Ao saber do reaparecimento de Jinga, Ngola Hari enviou seu próprio mwene lumbo com uma carta ao governador português em que se queixava de ter sido informado sobre os mensageiros de Jinga no forte e observava que ela tinha um grande número de escravos acorrentados esperando em Ambaca para serem enviados a Sousa. Acusava Jinga de ter pagado subornos para permitir seu retorno a Ndongo. Ademais, enfatizava que os sobas que viviam ao longo do rio Kwanza ainda preferiam Jinga a ele e dizia que ela poderia ter ido para a ilha onde seu irmão Ngola Mbande estava enterrado, presumivelmente para começar a refazer novamente suas forças.

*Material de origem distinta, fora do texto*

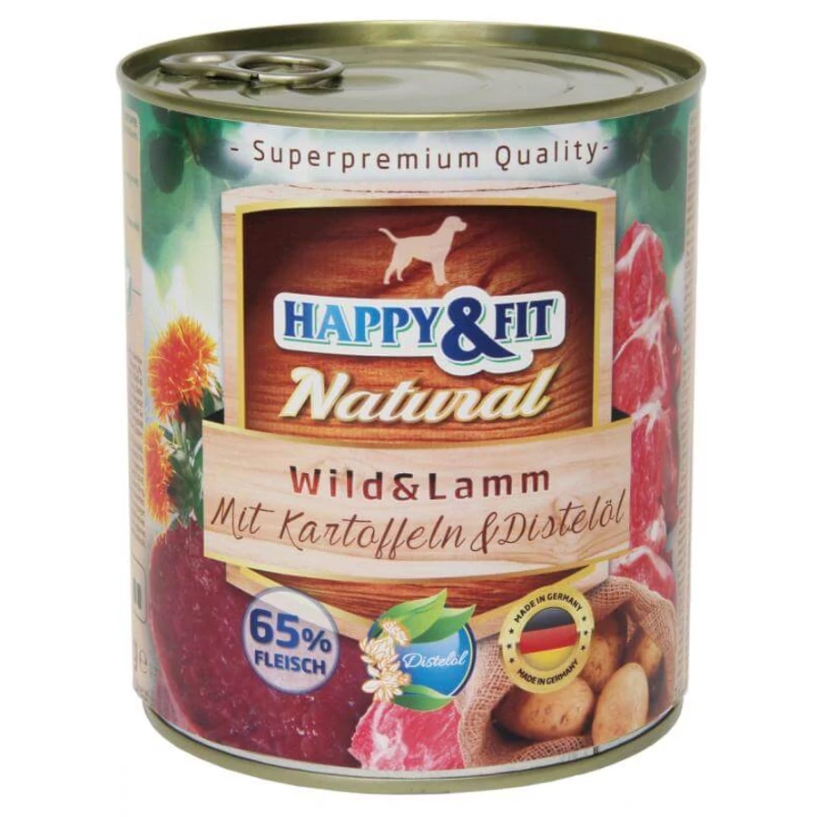 A Happy&Fit Natural konzerv vadhúsokkal, bárányhússal, burgonyával és sáfrányos szekliceolajjal, kizárólag természetes összetevők felhasználásával, 65%-os hústartalommal készült felnőtt kutyák számára, gabonamentesen.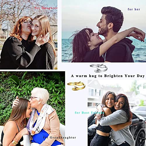 RINHOO FRIENDSHIP Hug Rings for Women Silver Hugging Hands Ring Adjustable 14K Gold Plated Daughter Rings from Mom Jewelry for Couples 4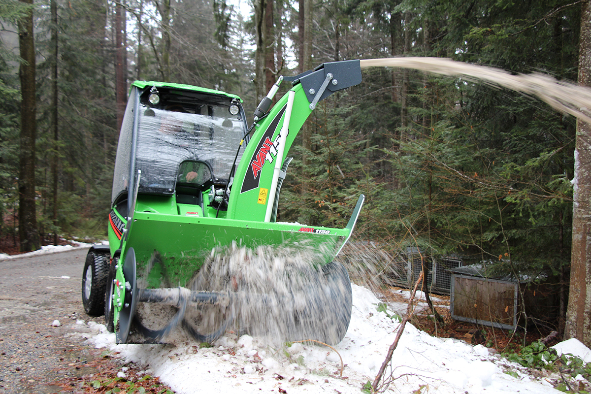 Als weitere Pluspunkte nennt Hausmeister Reinhard Peter den Komfort in der Kabine, die den Fahrer warm hält und beim Schneefräsen vor dem Schneestaub schützt, sowie die hohe Benutzerfreundlichkeit. Dank des Wechselsystems lassen sich die Anbaugeräte schnell an- und abbauen. Zum Einsatz kommen eine Standardschaufel, eine Palettengabel und die Schneefräse mit verstellbarem Kamin. Die erstmalige Zusammenarbeit mit Beutlhauser hat Peter positiv erlebt. „Wir fühlten uns sehr gut beraten. Bei Beutlhauser gibt es für jede Frage eine Antwort“, sagt er. Auch Produktmanager Christian Aulinger freut sich über die unkomplizierte Zusammen-arbeit, die eine Premiere darstellte: Der Baumwipfelpfad Bayerischer Wald ist nun der erste Baumwipfelpfad, bei dem ein Avant-Kompaktlader die Arbeit erleichtert.

Ngola Hari pleiteava que Sousa o ajudasse, pois era seu pai. [32]

Fernão de Sousa, ao receber apelos de Jinga e Ngola Hari, preferiu apoiar o último. A manipulação que Jinga fizera de Cardoso e sua fuga das ilhas o haviam embaraçado e ele agora estava firmemente empenhado em apoiar Ngola Hari, que era influenciável e fraco. Sousa sabia que Ngola Hari não seria capaz de cumprir seus deveres se Jinga continuasse uma ameaça e tratou rapidamente de encorajá-lo. Ao mesmo tempo que o repreendeu com severidade por acusar os portugueses de aceitar subornos de Jinga, prometeu mandar reforços. Mas ordenou que ele mantivesse o povo longe das ilhas — a fim de evitar que se juntassem a Jinga — e enviasse soldados para coletar informações sobre Jinga. Sousa exigiu que Ngola Hari preparasse seus soldados para a batalha e encorajasse seu povo a plantar para que os soldados tivessem comida. Além disso, instou o capitão-mor de Ambaca e o padre Pacconio a encorajar Ngola Hari: em nenhuma circunstância, deveriam abandoná-lo naquele momento. [33]

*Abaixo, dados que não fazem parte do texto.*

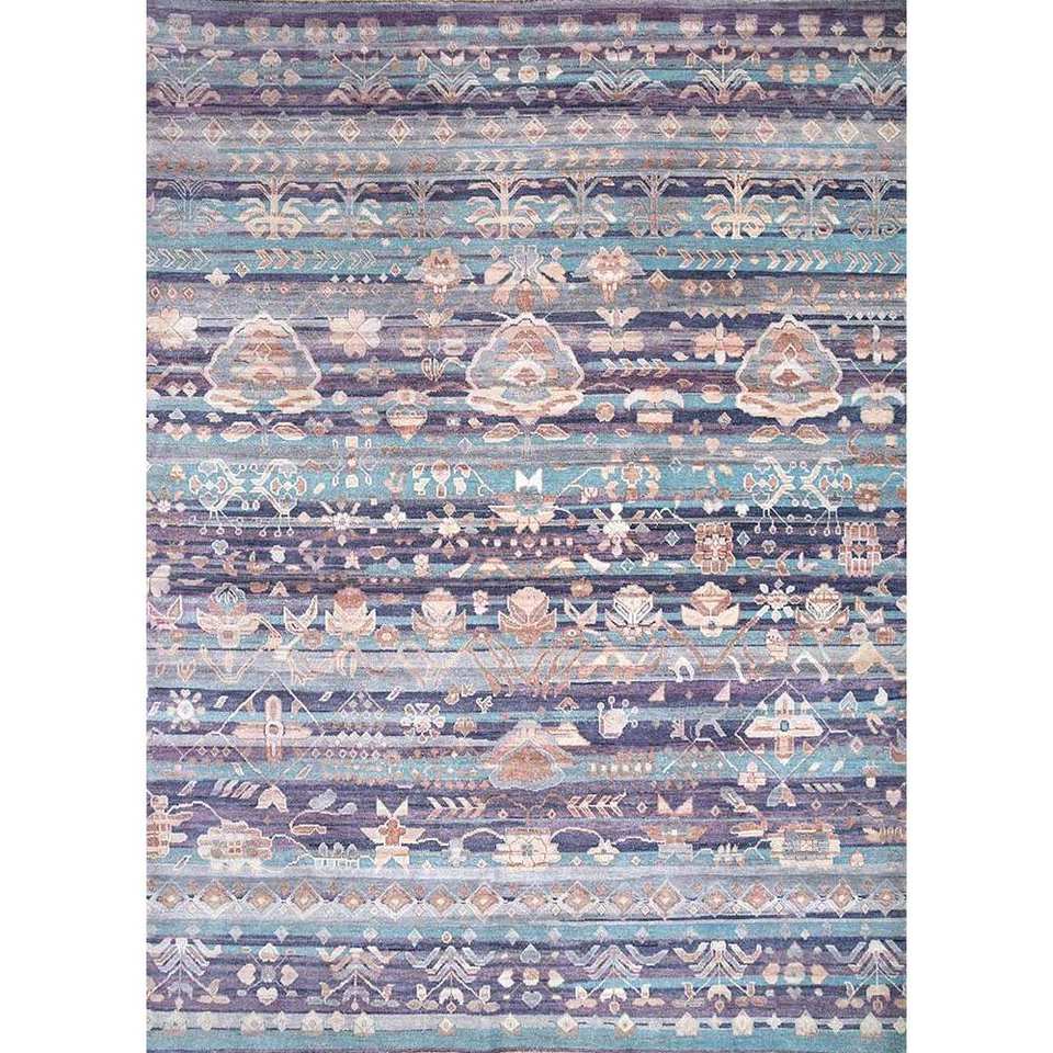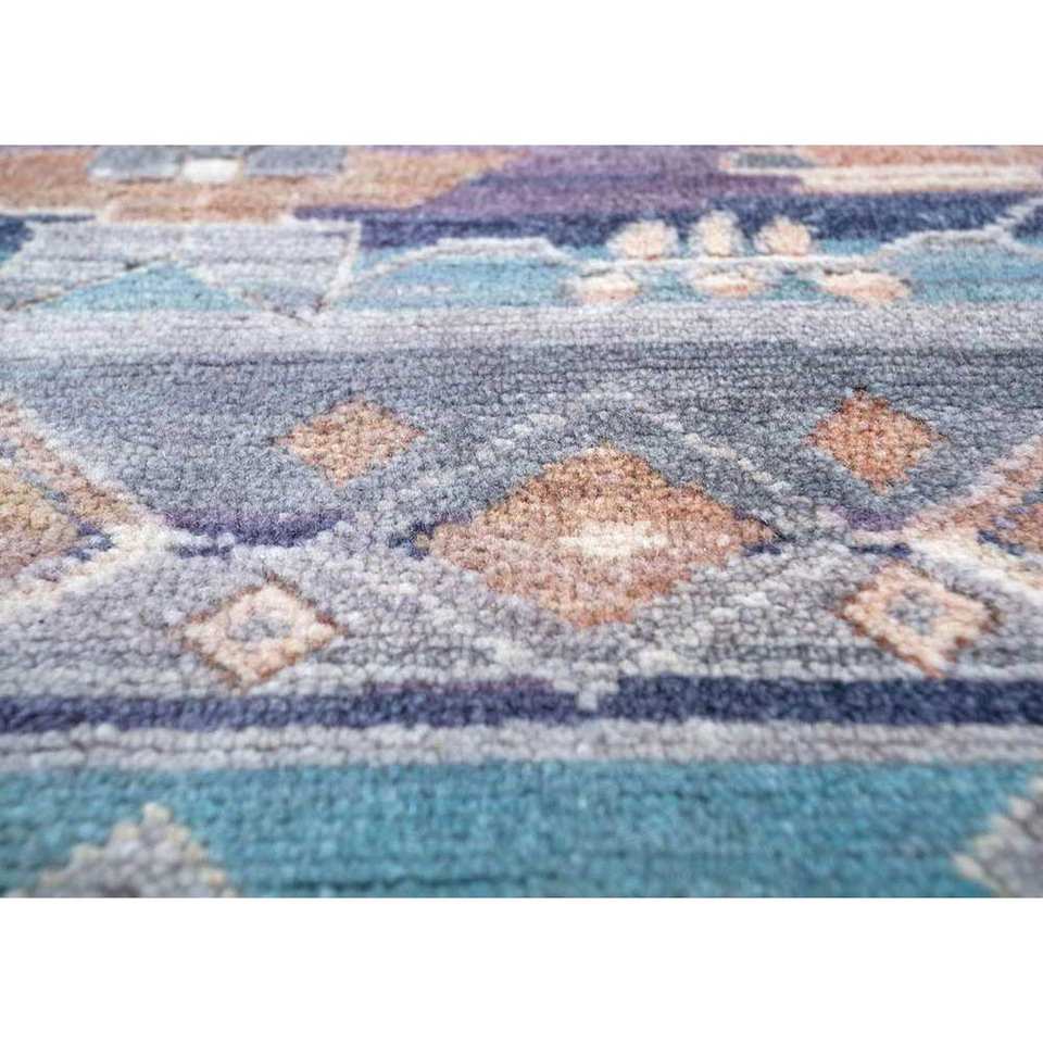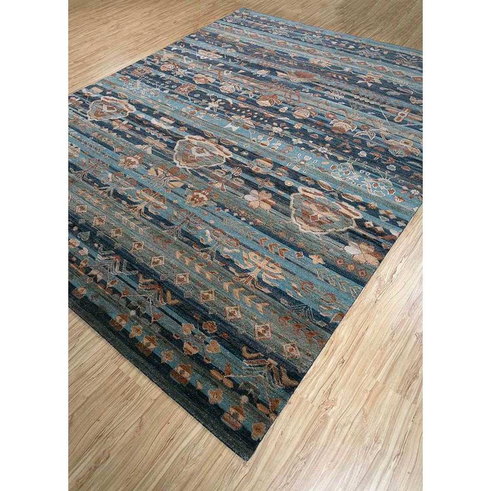 Alfombra de Lana Anudada a Mano Azul Viscaya AKWL-1062, Patrón Geométrico Rectangular, Alfombra para Pasillo, Sala de Estar, 9x12, para Decoración del Hogar

Com Jinga, o governador não se arriscou. Não só recusou o apelo dela como acusou seu mwene lumbo de ser um espião e mandou o capitão-mor prendê-lo. O mwene lumbo foi acorrentado junto com os que o acompanharam, e os escravos que trouxera foram confiscados. Ordenou ao capitão-geral que reunisse tropas, perseguisse e matasse Jinga e cortasse a cabeça de qualquer soba que aderisse a ela. [34]

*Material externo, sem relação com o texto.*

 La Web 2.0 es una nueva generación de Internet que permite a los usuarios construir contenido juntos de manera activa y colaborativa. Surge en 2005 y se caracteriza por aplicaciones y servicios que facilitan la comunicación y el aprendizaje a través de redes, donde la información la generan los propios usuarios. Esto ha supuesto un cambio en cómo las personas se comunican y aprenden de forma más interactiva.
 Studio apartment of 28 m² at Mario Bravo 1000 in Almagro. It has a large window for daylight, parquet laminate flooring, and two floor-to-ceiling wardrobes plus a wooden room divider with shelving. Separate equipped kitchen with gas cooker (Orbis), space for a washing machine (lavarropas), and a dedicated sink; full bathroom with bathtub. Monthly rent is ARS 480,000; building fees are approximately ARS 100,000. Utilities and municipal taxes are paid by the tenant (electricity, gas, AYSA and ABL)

Giovanni Antonio Cavazzi da Montecuccolo, “Missione evangelica nel Regno de Congo” (1668), v. A, livro 1, p. 37. Manuscritos Araldi, Modena, Itália. Fotografia: Vincenzo Negro.

Rainha Jinga proferindo sentença. Antonio Cavazzi, c. 1668.

Preocupada por não ter notícias do mwene lumbo , Jinga enviou dois de seus makunges favoritos a Ambaca, com mais escravos. Eles chegaram ao forte em 5 de dezembro de 1627, mesmo dia da prisão do mwene lumbo . Num curto espaço de tempo, o capitão-mor os prendeu, junto com alguns outros adeptos de Jinga.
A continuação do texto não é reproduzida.